A mensagem é bem clara no sentido de mostrar que a fronteira entre o jardim e a “terra de males” é a fidelidade ou infidelidade do homem/mulher a Deus, que é bom. Os valores e interesses inerentes às opções e práxis das pessoas, das comunidades e da sociedade são determinantes para a construção de uma realidade ou outra.

Na cruz de Jesus Cristo, essas duas realidades se encontram. O Crucificado todo ensanguentado, humilhado, desfigurado, “indivíduo de quem a gente desvia o olhar” (Is 53,3) é expressão da “terra de males”, onde reinam a destruição e a morte. Entretanto, Jesus estendido na cruz é, sobretudo, a imagem da plena fidelidade ao projeto do Pai e recriação definitiva do “jardim”.

A acolhida deste amor incondicional do Pai expresso na cruz liberta para gestos de semelhante gratuidade nas relações e atenção ao outro, inclusive aos que praticam o mal. O Crucificado liberta e salva para vir à tona o que de melhor o Criador semeou no coração do ser humano. Assim, a cruz, que entrelaça céu e terra, é a fonte perene para a transformação da “terra de males” ou superação das situações de sofrimento e morte.

Desse instrumento, antes só conjugado com a morte, em Jesus, sempre emanará o indispensável para a superação das divergências e conflitos que se inserem na convivência e organização da vida pessoal e social. O significado e importância da cruz se reveste de validade universal, extrapola credos, grupos, ideologias e é indispensável para a construção de uma sociedade justa e pacífica.

Se a noção de ‘jardim’ por si mesma é atrativa, com mais razão ainda o madeiro que sustenta o Filho de Deus, colocado no centro deste local paradisíaco no Evangelho de João. Naquela árvore da vida, Jesus Cristo, de braços abertos, sofre com os que sofrem, morre com os que morrem e se solidariza com todas as pessoas na trilha da justiça.

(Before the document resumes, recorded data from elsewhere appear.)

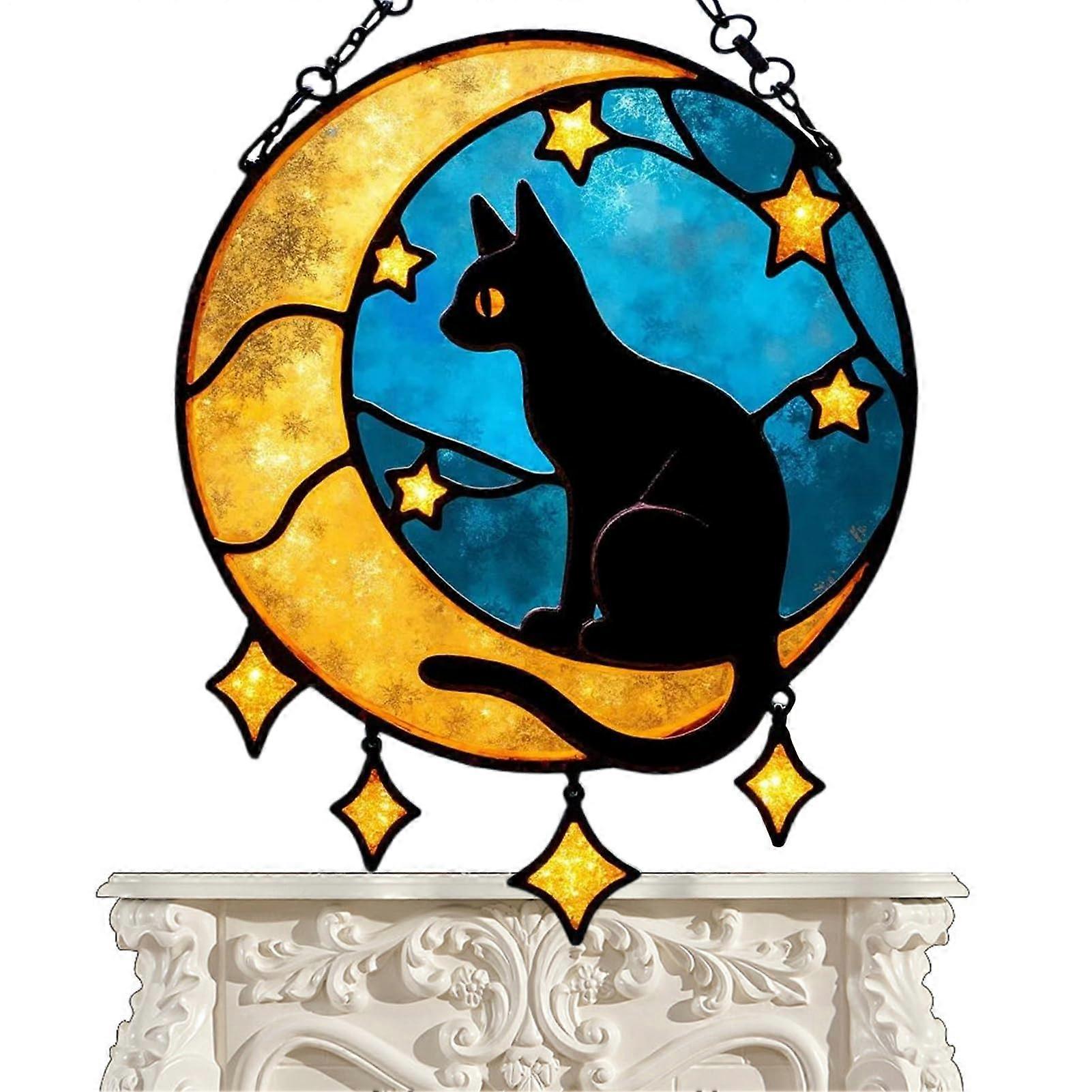 Cat Window Sun Catcher - Acrylic Moon Cat Pendants For Wall Decor - Balcony, Living Room, Bedroom, Coffee Shop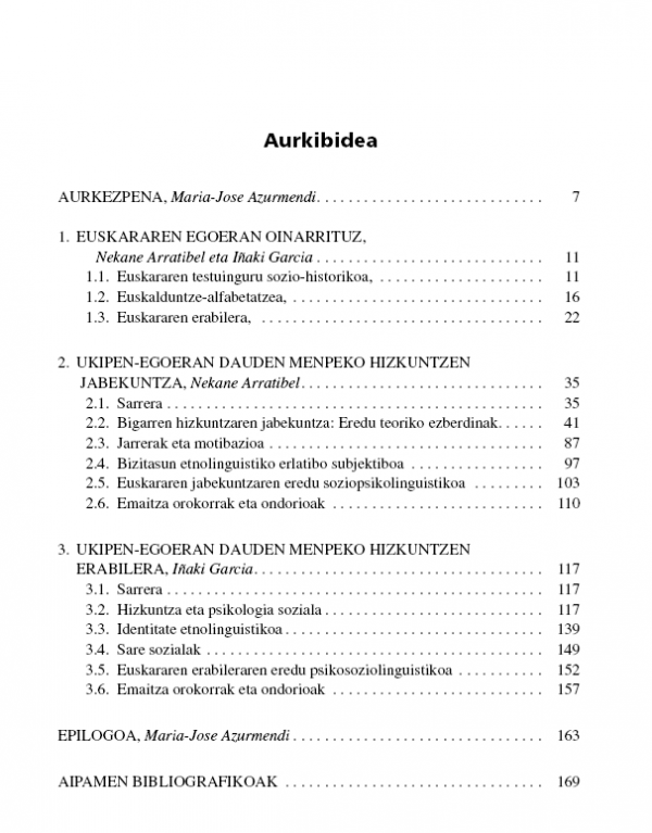 Menpeko hizkuntza gutxiagotuen normalizazioa lortzeko, bi erronka nagusi daude: hizkuntzaren ezagutza bermatzea eta hizkuntzaren erabilera hedatzea. Gauza jakina da, hizkuntzaren ezagutza bermatzeko bide eraginkorrena hezkuntza-sistema dela; hala ere ezin dugu ahaztu populazio handi bat hezkuntza-sistematik at geratzen dela. Beraz, garrantzi handiko eremua ditugu helduen irakaskuntza eta bigarren hizkuntzen jabekuntza-prozesua. Bestalde, hizkuntza-normalizazioa hanka motz gera ez dadin, erabilerari erreparatu behar zaio. Horregatik, liburu honetan euskararen erabilera- eta jabekuntza-prozesuak (bigarren hizkuntza modura) aztertzen dira, batez ere ikuspegi teoriko batetik. Dena den, beharrezkoa izanda ere, teoria ez da nahikoa: errealitatea aldatu nahi bada, maila teorikoan egindako hausnarketak eta analisiak praktikan frogatu (edo errefusatu) behar dira. Liburu honetan autoreek proposatzen dituzten eredu teorikoak enpirikoki frogatzen dira; modu horretan, batetik, jabekuntzan motibazioak betetzen duen rola eta, bestetik, erabileran identitateak duen garrantzia ditugu aztergai.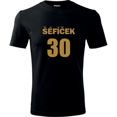 Černé tričko Šéfíček 30. nabízené velikosti jsou S,M,L,XL,XXL,XXXL. Tričko je zařazeno v sekcích Dárek pro muže k 30, Drobné dárky pro kolegy, . Technologie tisku: Tisk na...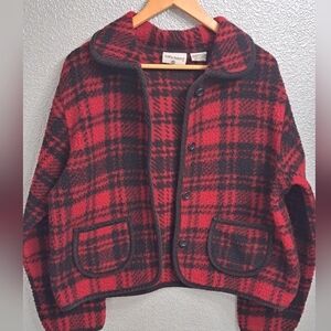Kathy Ireland Buffalo Check Fleece Cropped Jacket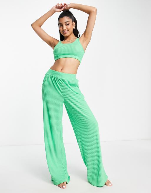 Brave Soul – Nancy – Lounge-Set in leuchtendem Grün, bestehend aus Oberteil mit kurzem Schnitt und eckigem Ausschnitt sowie Hose mit weitem Bein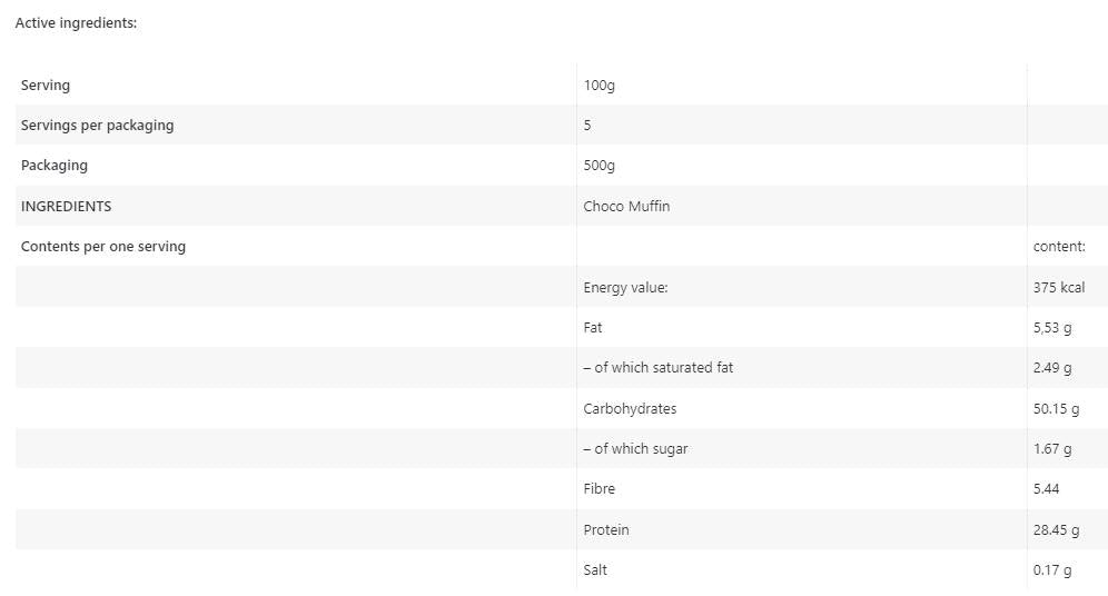 Шоколадовият мъфин с високо съдържание на протеин е перфектен избор за всички, които искат да увеличат дневния си прием на протеини по вкусен начин. Този продукт е идеален както за активни спортисти, така и за хора, които просто искат да поддържат добра форма и здраве. Високото съдържание на протеин спомага за строежа на мускулите и подпомага възстановяването след физическо натоварване, като същевременно предлага удоволствие от шоколадовия вкус.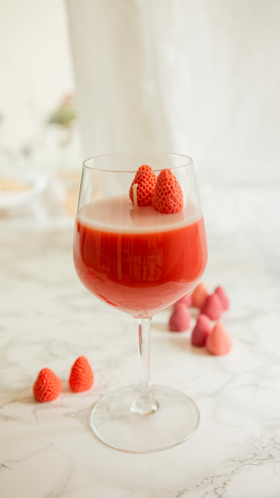 Nu kommer det sjove! Dekorer toppen med små jordbær af voks eller andre pynteting. Vi anbefaler dog ikke tørrede blomster til denne type lys – de kan risikere at brænde og skade glasset, især hvis du bruger tyndt glas som cocktailglas.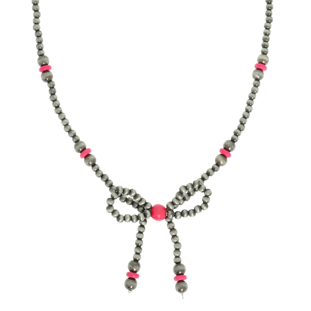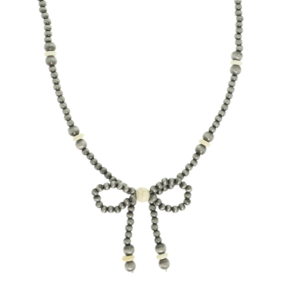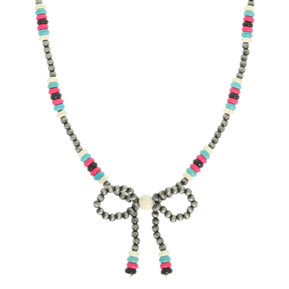 WESTERN MARBLED TURQUOISE COLORED PEARL BEAD LONG TAIL BOW PENDANT NECKLACE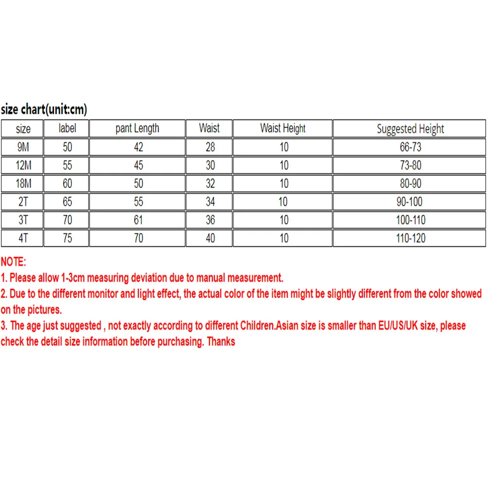 3. The age just suggested , not exactly according to different Children.Asian size is smaller than EU/US/UK size, please check the detail size information before purchasing. Thanks

A Semana Santa reserva um dia especial para a contemplação e adoração de Jesus Crucificado. Que cada fiel, diante da cruz do Senhor, reconcilie-se com a sua própria cruz, para se fazer testemunha das maravilhas de Deus operadas por meio desse instrumento que salva, e que o testemunho dos discípulos daquele que venceu a morte mostre que pela via crucis se superam os males e se edifica uma vida nova.